Foreign portfolio investors stepped up selling: Stock exchange data shows that between March and May, FPIs sold stocks valued at Rs 75,000 crore, while DIIs supported the market by making investments of Rs 1,50,000 crore.
Foreign portfolio investors (FPIs) have been selling more stocks since January of this year, suggesting that they may have some idea about the Lok Sabha election results.
Since January of this year, foreign players have removed almost Rs 125,000 crore from the cash market (excluding IPO investments), as China has once again beckoned them as an alternative investment destination. Nonetheless, throughout the course of the five months, domestic institutional investors—led by mutual funds and insurance companies—purchased equities valued at Rs 300,000 crore, helping benchmark indices reach all-time highs.
Stock exchange data shows that between March and May, FPIs sold stocks valued at Rs 75,000 crore, while DIIs supported the market by making investments of Rs 150,000 crore. Contrary to common belief, the FPI action meant that the NDA would gain more than 350 seats in 2019, surpassing its previous record.
On a net basis, FPIs sold Indian shares for a record Rs 12,436.22 crore on Tuesday.
FPIs actually pulled out Rs 3.94 lakh crore from stocks during the course of the last five years, making them sellers in the stock market.
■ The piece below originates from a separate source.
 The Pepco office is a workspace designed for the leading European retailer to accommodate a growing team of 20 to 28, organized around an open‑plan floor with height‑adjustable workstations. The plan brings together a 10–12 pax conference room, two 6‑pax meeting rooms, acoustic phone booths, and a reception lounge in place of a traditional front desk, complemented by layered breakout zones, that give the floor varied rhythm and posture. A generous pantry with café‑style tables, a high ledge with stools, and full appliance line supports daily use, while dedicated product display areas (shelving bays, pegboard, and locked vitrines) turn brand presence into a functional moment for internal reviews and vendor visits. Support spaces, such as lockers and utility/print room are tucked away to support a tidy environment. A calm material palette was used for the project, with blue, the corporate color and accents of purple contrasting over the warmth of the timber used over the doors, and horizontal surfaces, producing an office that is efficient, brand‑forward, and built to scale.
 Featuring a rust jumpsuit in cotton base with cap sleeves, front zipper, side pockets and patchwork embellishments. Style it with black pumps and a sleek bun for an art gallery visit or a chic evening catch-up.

But by investing Rs 7.83 lakh crore over the course of five years, domestic money saved the market and helped it reach new heights.
Market analysts noted that a number of investor types, including FPIs, had placed short positions in the market. Short covering of those positions by investors followed exit polls that indicated the ruling BJP would win, and on June 3, the Sensex increased by 3.39 percent.
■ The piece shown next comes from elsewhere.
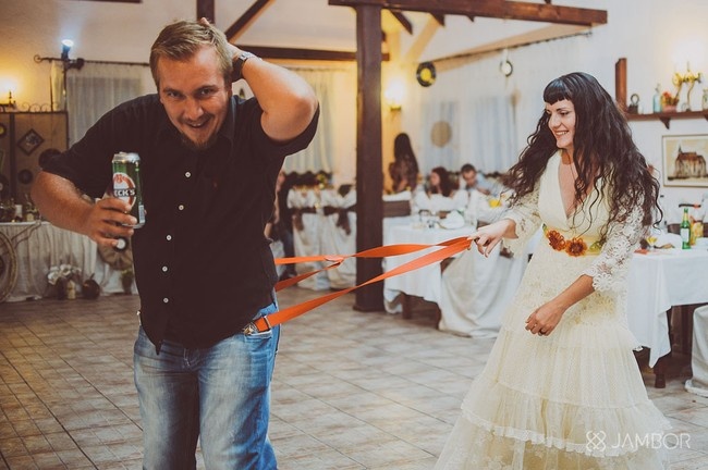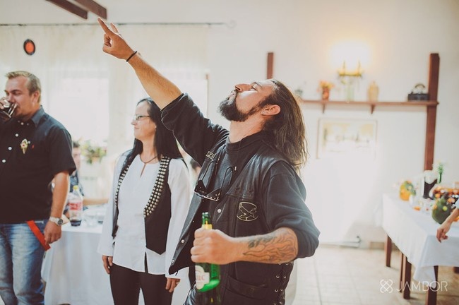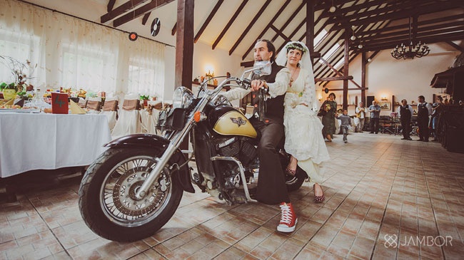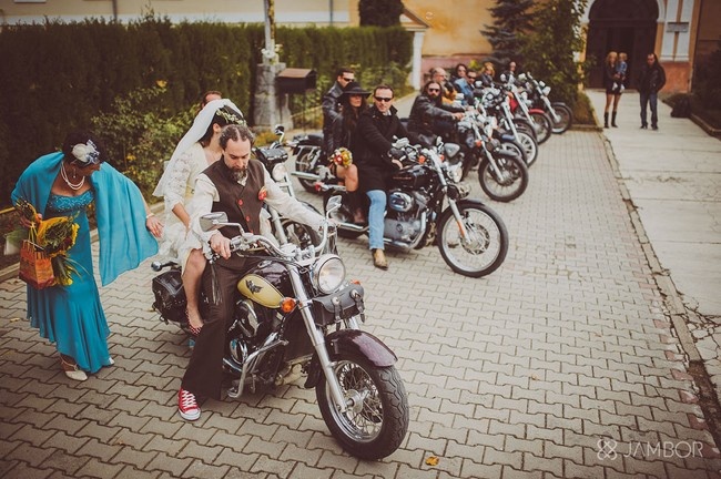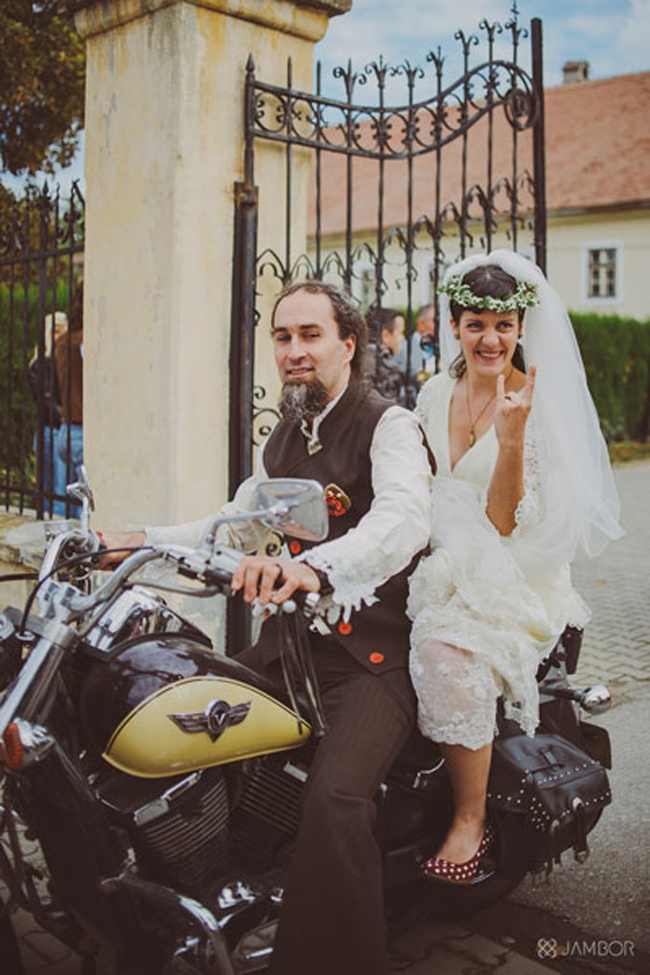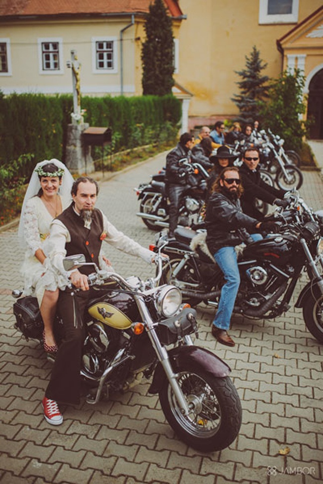 Sau khi kết thúc hôn lễ có phần thủ tục tại nhà thờ, cặp đôi cùng bạn bè đã cưỡi mô tô đến địa điểm tổ chức tiệc. Thậm chí, trong bộ ảnh cưới của cặp đôi đến từ Romania, còn có cảnh cô dâu, chú rể và bạn bè quậy phá trong bữa tiệc. Đây quả là ý tưởng hoàn toàn khác biệt so với những bộ ảnh cưới khác.

Some investors took short positions because they expected the BJP might not form a government on its own and might need to form an alliance. While FPIs with long positions in the markets had taken some short positions to protect themselves in the event of an unfavourable poll result, they added.
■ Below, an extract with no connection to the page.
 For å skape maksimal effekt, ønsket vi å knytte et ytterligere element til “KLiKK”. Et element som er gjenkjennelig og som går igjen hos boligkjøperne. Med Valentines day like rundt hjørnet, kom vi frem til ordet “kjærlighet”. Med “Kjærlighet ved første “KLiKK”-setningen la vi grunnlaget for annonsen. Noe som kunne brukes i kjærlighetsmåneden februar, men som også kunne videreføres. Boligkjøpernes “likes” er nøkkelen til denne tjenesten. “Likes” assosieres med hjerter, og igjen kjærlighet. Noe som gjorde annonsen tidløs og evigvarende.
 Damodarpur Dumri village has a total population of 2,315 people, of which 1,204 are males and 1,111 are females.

Research Lead for IIFL Securities According to Jayesh Bhanushali, global portfolio managers have a bad opinion of India because of the growing allure of Chinese stocks and the potential unpredictability of the upcoming election. Nonetheless, the outcome of the weekend exit polls forced short sellers to cover their bets.
Since 2009, there has been a tendency in the five months leading up to election results when the FII was net positive in the cash category. Nevertheless, since January 2024, FIIs have sold equities in the cash market for about Rs 1.26 lakh crore. Due to consistent economic development, a stable administration, and a favourable macroeconomic climate with anticipated rate decreases by central banks, we think the FIIs are likely to make a comeback in India in the second half of 2024,” he stated.
The outperformance of Chinese stocks has been the primary cause of FPI sales. According to V. K. Vijayakumar, Chief Investment Strategist at Geojit Financial Services, the Hang Seng index surged 8% in the first half of May, which led to selling in Indian equities and buying in Chinese ones.
The increase in US bond yields was another factor. Investors in foreign exchange bought and sold bonds in emerging markets, such as India, whenever the yield on US 10-year bonds increased above 4.5%.
The sale of equity in India was also spurred by these two considerations. The election outcome will have a major impact on FPI activity in June. The market is probably going to react favourably if the election results guarantee political stability. But over time, US interest rates will have a greater impact on FPI flows.